フリーターたちよ、胸を張れ、大いに発言せよ
会社の正社員でなく、臨時採用者の2、30代をフリーターと呼ぶ。定職を持たず、転職を重ね、プラプラしているイメージ、あるいは堕落的な概念で、メデアで取り上げられることが多い。
江戸時代には藩主の下で、家臣として生涯忠義を尽くし、使える。こうした人物が最も尊ばれた。他方で、脱藩した素浪人はさげすまれた。現在に置き換えると、学校を卒業し、企業に正社員として就職し、終身雇用の下で、永年使える。これら正社員が社会の正統派だと思われている。

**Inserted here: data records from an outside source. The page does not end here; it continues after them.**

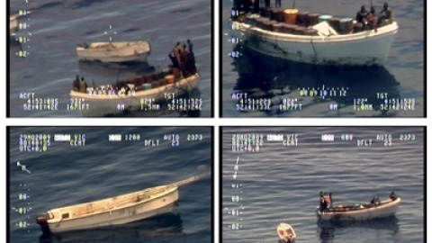 Según la OTAN, los navíos persiguieron al grupo de piratas, que usaban tres barcos, dos de ellos lanchas rápidas para el abordaje y otro el "barco-madre" que prestaba apoyo logístico y que contaba con gasolina, alimentos, armas, escaleras, cuerdas y otros materiales.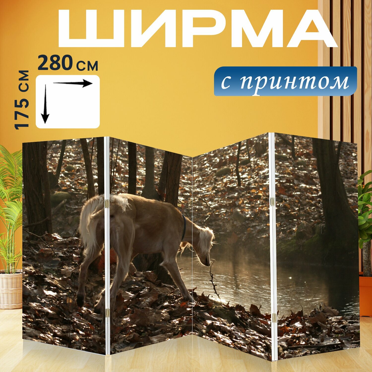 Ширма "Собака, салюки, магия" перегородка для зонирования комнаты с принтом 280x175 см. на холсте интересное: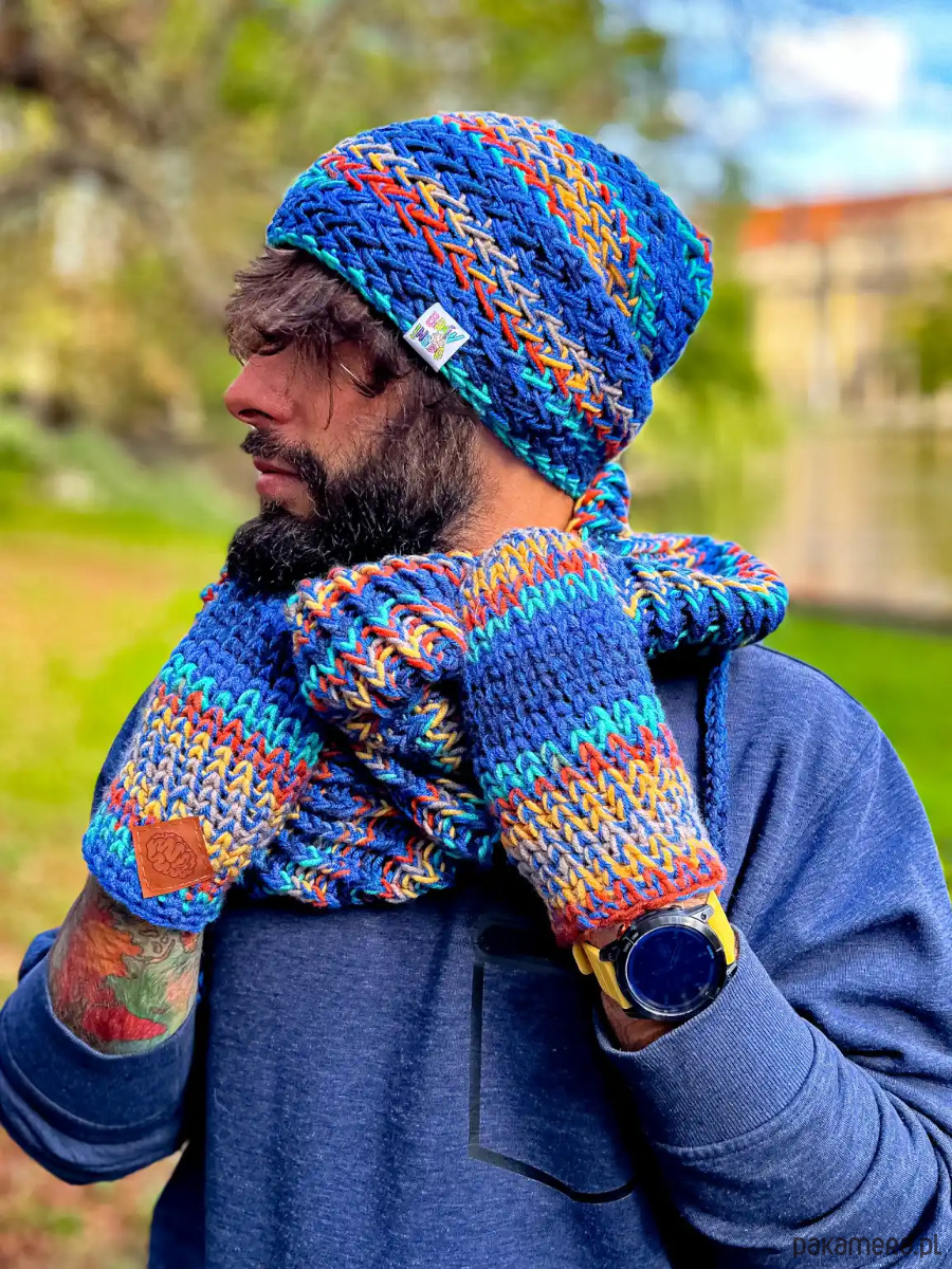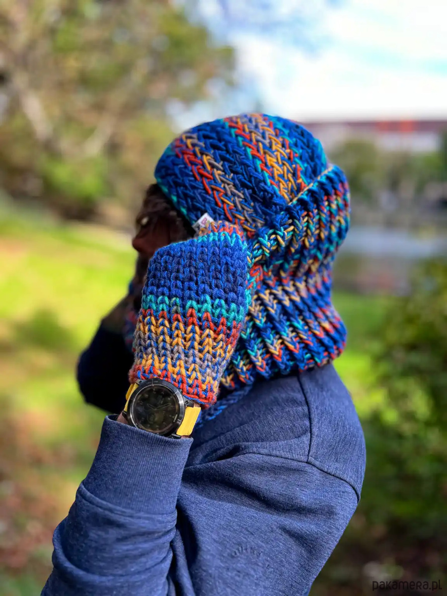 Ręcznie robiona przez poznańskie Seniorki z mieszanki 50% merino i 50% akrylu, jest miękka, ciepła i oddychająca – bez pompona, bez polaru, za to z charakterem. Luźna i lekko zwisająca, ma ten nonszalancki vibe, który sprawia, że wygląda dobrze zarówno na spacerze po mieście, jak i podczas weekendowej wyprawy za miasto.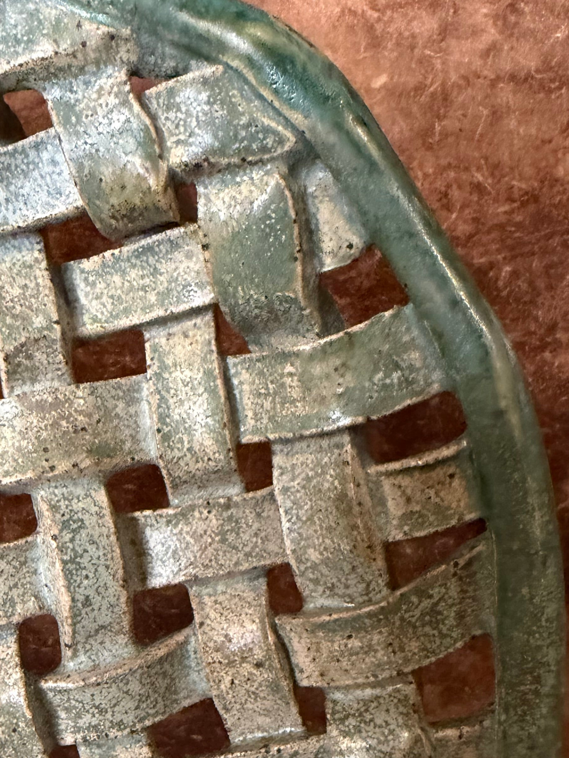 Bring a touch of artisan charm to your home with this handmade rustic pottery basket bowl. Crafted with a woven ceramic design, this piece beautifully mimics a traditional wicker basket while offering the durability and timelessness of glazed pottery. The color is stunning!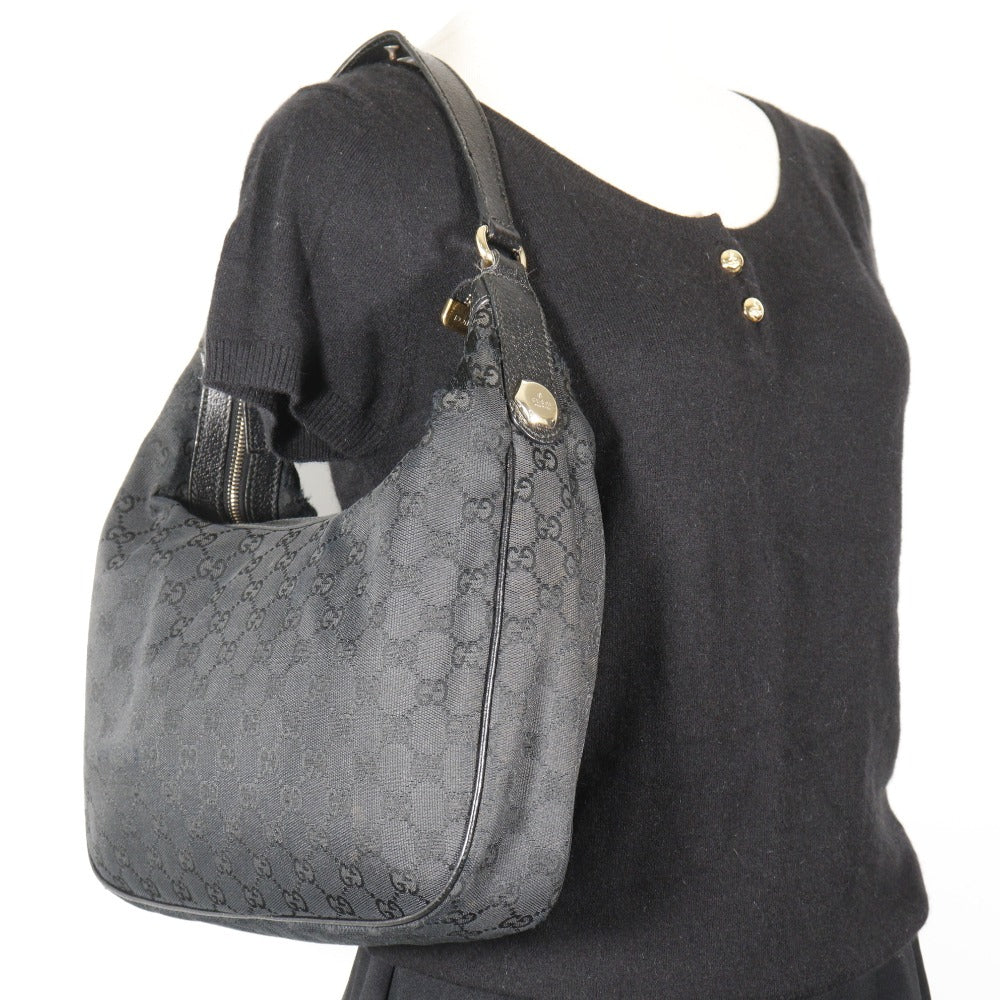 Gucci Shoulder Bag 153010 Gg Canvas Black One Belt Women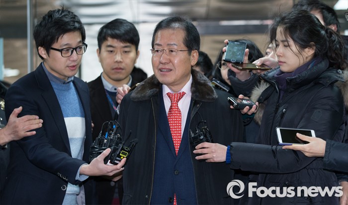 (서울=포커스뉴스) 고 성완종 전 경남기업 회장에게서 불법정치자금 1억원을 받은 혐의로 기소된 홍준표 경남지사가 21일 오전 첫 공판에 출석하기 위해 서울중앙지방법원으로 들어서며 취재진 질문에 답하고 있다.
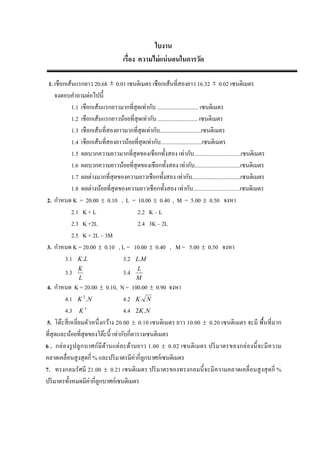 เรื่อง ความไม่ แน่ นอนในการวัด 1. เชือกเส้นแรกยาว 20.68 0.01 เซนติเมตร เชือกเส้นที่สองยาว 16.32 0.02 เซนติเมตร จงตอบคาถามต่อไปนี้ 1.1 เชือกเส้นแรกยาวมากที่สุดเท่ากับ ............................. เซนติเมตร 1.2 เชือกเส้นแรกยาวน้อยที่สุดเท่ากับ ............................ เซนติเมตร 1.3 เชือกเส้นที่สองยาวมากที่สุดเท่ากับ.............................เซนติเมตร 1.4 เชือกเส้นที่สองยาวน้อยที่สุดเท่ากับ.............................เซนติเมตร 1.5 ผลบวกความยาวมากที่สุดของเชือกทั้งสอง เท่ากับ.................................เซนติเมตร 1.6 ผลบวกความยาวน้อยที่สุดของเชือกทั้งสอง เท่ากับ................................เซนติเมตร 1.7 ผลต่างมากที่สุดของความยาวเชือกทั้งสอง เท่ากับ..................................เซนติเมตร 1.8 ผลต่างน้อยที่สุดของความยาวเชือกทั้งสอง เท่ากับ.................................เซนติเมตร 2. กาหนด K = 20.00 0.10 , L = 10.00 0.40 , M = 5.00 0.50 จงหา 2.1 K + L 2.2 K – L 2.3 K +2L 2.4 3K – 2L 2.5 K + 2L – 3M 3. กาหนด K = 20.00 0.10 , L = 10.00 0.40 , M = 5.00 0.50 จงหา 3.1 K.L 3.2 L.M K L 3.3 3.4 L M 4. กาหนด K = 20.00 0.10, N = 100.00 0.90 จงหา 4.1 K 2 .N 4.2 K. N 4.3 K 3 4.4 2K.N 5. โต๊ะสี่ เหลี่ยมตัวหนึ่ งกว้าง 20.00 0.10 เซนติเมตร ยาว 10.00 0.20 เซนติเมตร จะมี พื้นที่มาก ที่สุดและน้อยที่สุดของโต๊ะนี้ เท่ากับกี่ตารางเซนติเมตร 6 . กล่ องรู ป ลู ก บาศก์มี ด้า นแต่ ล ะด้า นยาว 1.00 0.02 เซนติ เมตร ปริ มาตรของกล่ องนี้ จะมี ค วาม คลาดเคลื่อนสู งสุ ดกี่ % และปริ มาตรมีค่ากี่ลูกบาศก์เซนติเมตร 7. ทรงกลมรัศมี 21.00 0.21 เซนติ เมตร ปริ มาตรของทรงกลมนี้ จะมี ความคลาดเคลื่ อนสู งสุ ดกี่ % ปริ มาตรทั้งหมดมีค่ากี่ลูกบาศก์เซนติเมตร
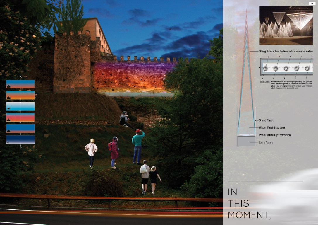 In This Moment artfully proposes a consideration of the passage of time and how it shapes our memory of a place or object. As the Wall of Segovia stands today, nightfall and sunrise choreograph a repetitive environmental phenomenon of its disappearance and reappearance as light diffusion shifts and the Wall’s visibility in the landscape recedes or saturates. Our lighting installation aims to heighten viewers’ attention to this subtle occurrence by mimicking the movement of light in the sky through colour gradients varying by time of day, with fluid motions of water implying the fleeting notion of time. In the daytime, the Wall is re-animated in texture as reflections of water ripples dance on the Wall’s surface. The Wall re-emerges at the onset of dusk, blending with the horizon in brilliant luminescent LED colours.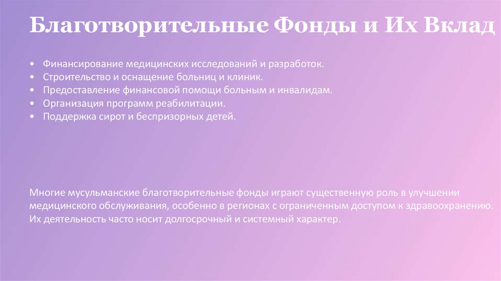 Благотворительные Фонды и Их ВкладФинансирование медицинских исследований и разработок.

諸般の事情から高校や大学を中退したり、あるいは勤めた企業を辞めて、一時的に職を得ているフリーターを『落ちこぼれ』という目で見る風潮がある。
かれらフリーターの実態が正確に伝わっていない。他方で、かれらには社会に向かって発言する場が少ない。正面から真摯に取り上げるメディアもほとんどない。
そこで豊島区在住のフリーター3人に、PJニュースで実名で、写真を載せる、という条件の下に集まってもらった。男性2名、女性1名。かれらの考え方、生き方、目標、さらには現代社会をどう見ているか、率直に語ってもらった。
3人の話しを聞くかぎり、それぞれが夢や希望をいっぱい持ち、スパイラル・アップしていく意欲に満ちていた。まさに目標に邁進していく姿があった。
ふと、こう思った。土佐藩を脱藩した坂本竜馬は浪人者だったが、封建体制の徳川幕府打倒の道を切り開いた。現代に置き換えると、既成概念のうえに胡坐をかく正社員は、まさしく幕藩体制の藩士だ。おおきな変化や変革を起こさず、望んでいない。すくなくとも革命的な行動力などもち得ないだろう。
日本の政治、文化、音楽など、あらゆる分野で、このさき既成概念を打ち破り、まったく新たらしいものを創造する。それはフリーターではないか、と思った。あながち間違っていないだろう。